The Pnyx: On AI and Politics

Joshua Scheutz
Staff Writer

A recent poll indicated that about one in four Europeans would prefer artificial intelligence to make political decisions, as opposed to politicians. In some European countries, the percentage came close to half.

This is an interesting development. I think that if Americans were asked this question, they might respond at about the same rate. Younger people, being more comfortable with technology and more disdainful of the political system, would likely be more enthusiastic in their support. 

It’s easy to understand why this is the case. Politicians in the West have largely lost the trust of their constituents, not without good cause. In addition, people ascribe almost supernatural qualities to technology and lionize tech companies, with some exceptions. 

So can politics be automated? If only it were that simple. Artificial intelligence can be helpful in politics, as it is or has the potential to be in almost any field, but its primary use should be as a tool, at least for now. The technology to automate an entire political system simply does not exist as of yet, and will likely not exist for a long time into the future.

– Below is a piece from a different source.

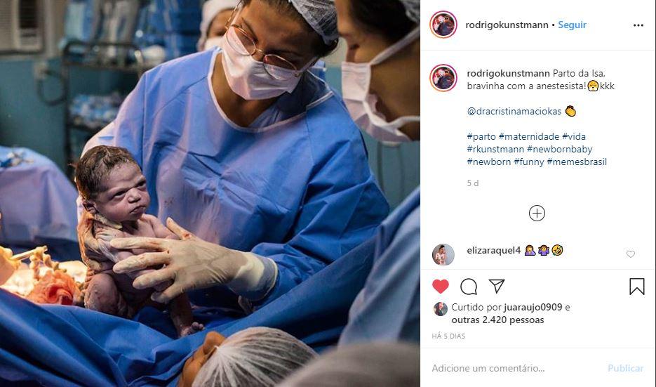 Rodrigo Kunstmann fez as fotos do parto de Isabella e a menina conquistou a internet com a expressão de brava (Foto: reprodução / Instagram / @rodrigokunstmann)

Moreover, even if we get artificial intelligence to match human intellect, there is no surefire way to protect it from human biases, especially if the data that the program is working with already has biases. 

That doesn’t mean that AI has no place in politics. It just means that automating the political system is as of yet an unfeasible and dangerous proposition. 

Looks like Washington can breathe easy. Their jobs won’t be at risk of automation, at least for now.